*** Begin section ***
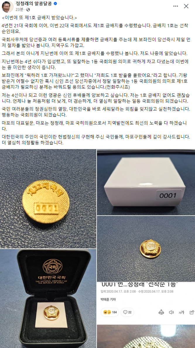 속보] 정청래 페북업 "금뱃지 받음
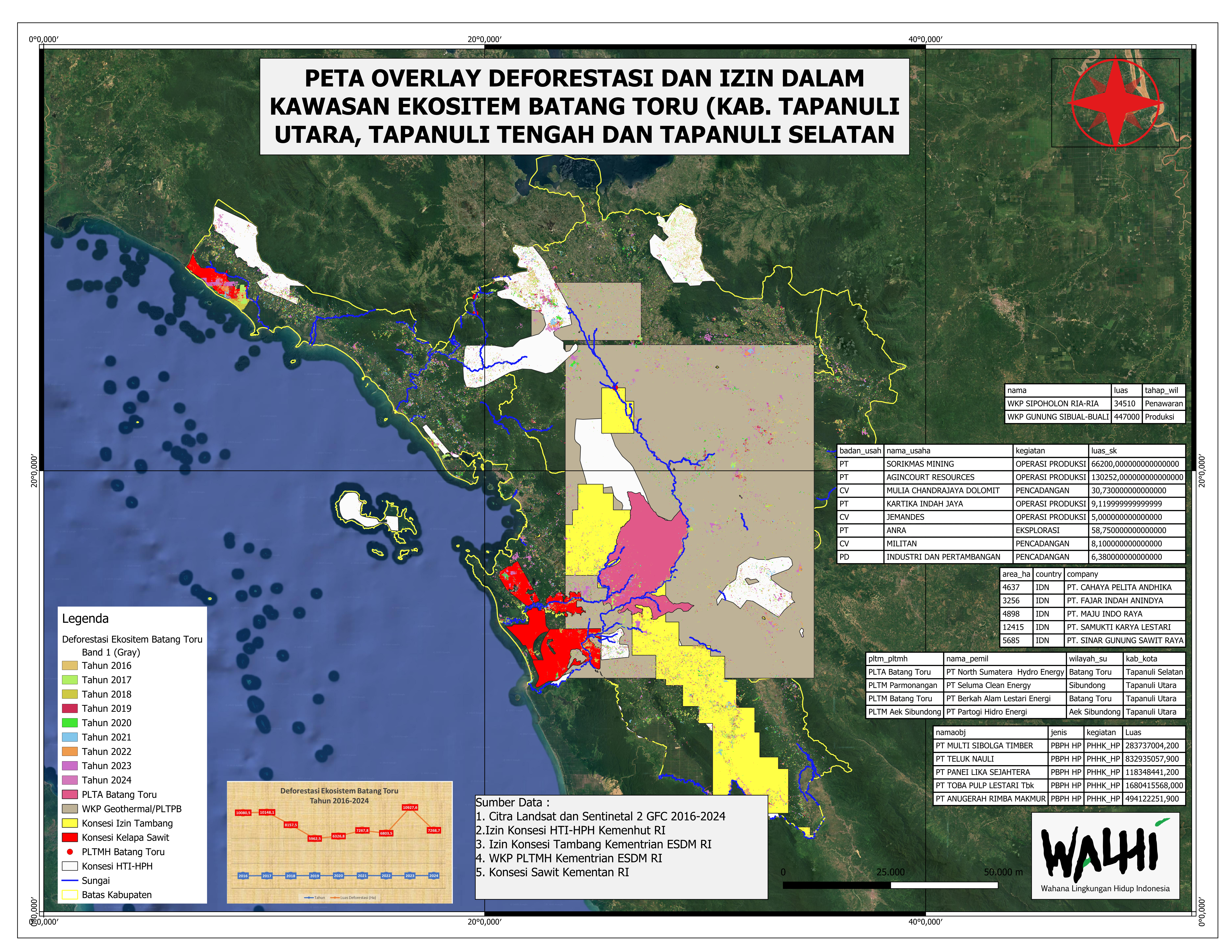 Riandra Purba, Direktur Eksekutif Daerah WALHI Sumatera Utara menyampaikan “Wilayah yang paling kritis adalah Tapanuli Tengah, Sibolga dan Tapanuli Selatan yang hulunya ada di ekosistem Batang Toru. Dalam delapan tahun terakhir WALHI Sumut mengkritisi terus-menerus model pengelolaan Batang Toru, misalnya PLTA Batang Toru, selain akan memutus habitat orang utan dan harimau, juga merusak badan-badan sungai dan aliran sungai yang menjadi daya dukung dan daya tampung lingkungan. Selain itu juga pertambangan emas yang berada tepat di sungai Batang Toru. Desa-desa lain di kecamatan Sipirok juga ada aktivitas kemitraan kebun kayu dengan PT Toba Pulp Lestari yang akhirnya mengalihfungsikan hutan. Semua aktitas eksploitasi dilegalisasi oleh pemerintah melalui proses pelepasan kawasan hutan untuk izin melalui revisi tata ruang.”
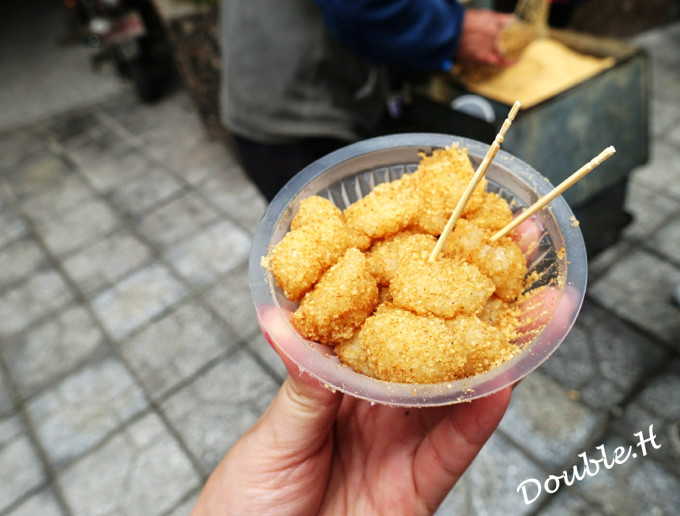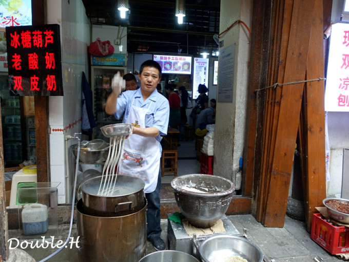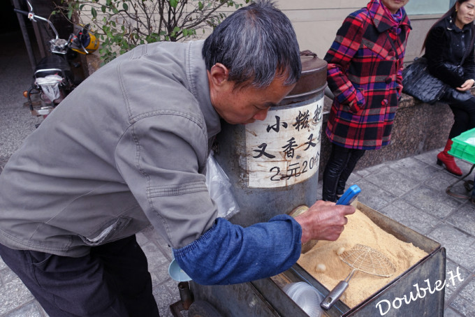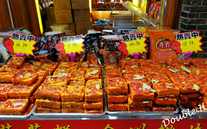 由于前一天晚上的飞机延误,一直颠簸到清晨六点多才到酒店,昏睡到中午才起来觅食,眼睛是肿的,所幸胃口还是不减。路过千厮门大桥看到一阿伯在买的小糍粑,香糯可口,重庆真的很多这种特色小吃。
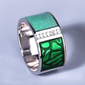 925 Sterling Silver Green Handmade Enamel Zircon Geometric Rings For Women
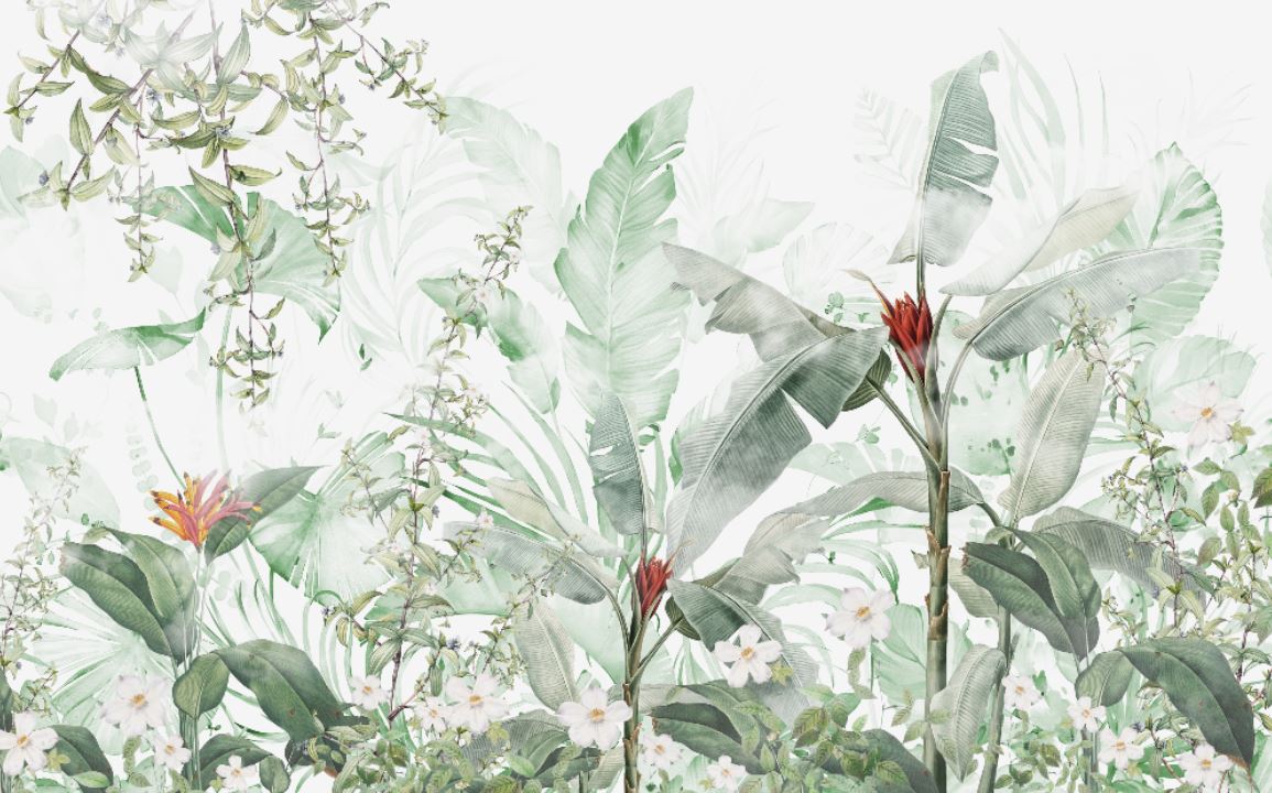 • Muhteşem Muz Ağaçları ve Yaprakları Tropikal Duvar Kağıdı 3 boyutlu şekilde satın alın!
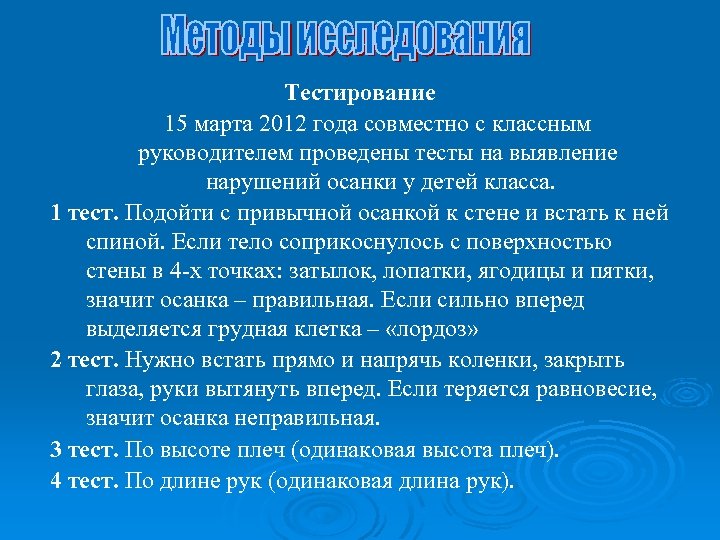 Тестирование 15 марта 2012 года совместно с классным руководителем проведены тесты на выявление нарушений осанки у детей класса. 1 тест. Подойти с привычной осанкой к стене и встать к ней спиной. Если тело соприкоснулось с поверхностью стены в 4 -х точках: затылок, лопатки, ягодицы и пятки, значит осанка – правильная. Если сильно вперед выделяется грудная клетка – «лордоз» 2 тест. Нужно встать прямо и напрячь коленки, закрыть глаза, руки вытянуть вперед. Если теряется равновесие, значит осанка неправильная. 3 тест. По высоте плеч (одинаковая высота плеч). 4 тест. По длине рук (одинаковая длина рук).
*** End section ***
» **Prompt**
Once the line containing "由于前一天晚上的飞机延误,一" is found, transcribe it and the rest of the lines to the end of the listing above exactly, omitting all pictures.

» **Answer below**
 由于前一天晚上的飞机延误,一直颠簸到清晨六点多才到酒店,昏睡到中午才起来觅食,眼睛是肿的,所幸胃口还是不减。路过千厮门大桥看到一阿伯在买的小糍粑,香糯可口,重庆真的很多这种特色小吃。
 925 Sterling Silver Green Handmade Enamel Zircon Geometric Rings For Women
 • Muhteşem Muz Ağaçları ve Yaprakları Tropikal Duvar Kağıdı 3 boyutlu şekilde satın alın!
 Тестирование 15 марта 2012 года совместно с классным руководителем проведены тесты на выявление нарушений осанки у детей класса. 1 тест. Подойти с привычной осанкой к стене и встать к ней спиной. Если тело соприкоснулось с поверхностью стены в 4 -х точках: затылок, лопатки, ягодицы и пятки, значит осанка – правильная. Если сильно вперед выделяется грудная клетка – «лордоз» 2 тест. Нужно встать прямо и напрячь коленки, закрыть глаза, руки вытянуть вперед. Если теряется равновесие, значит осанка неправильная. 3 тест. По высоте плеч (одинаковая высота плеч). 4 тест. По длине рук (одинаковая длина рук).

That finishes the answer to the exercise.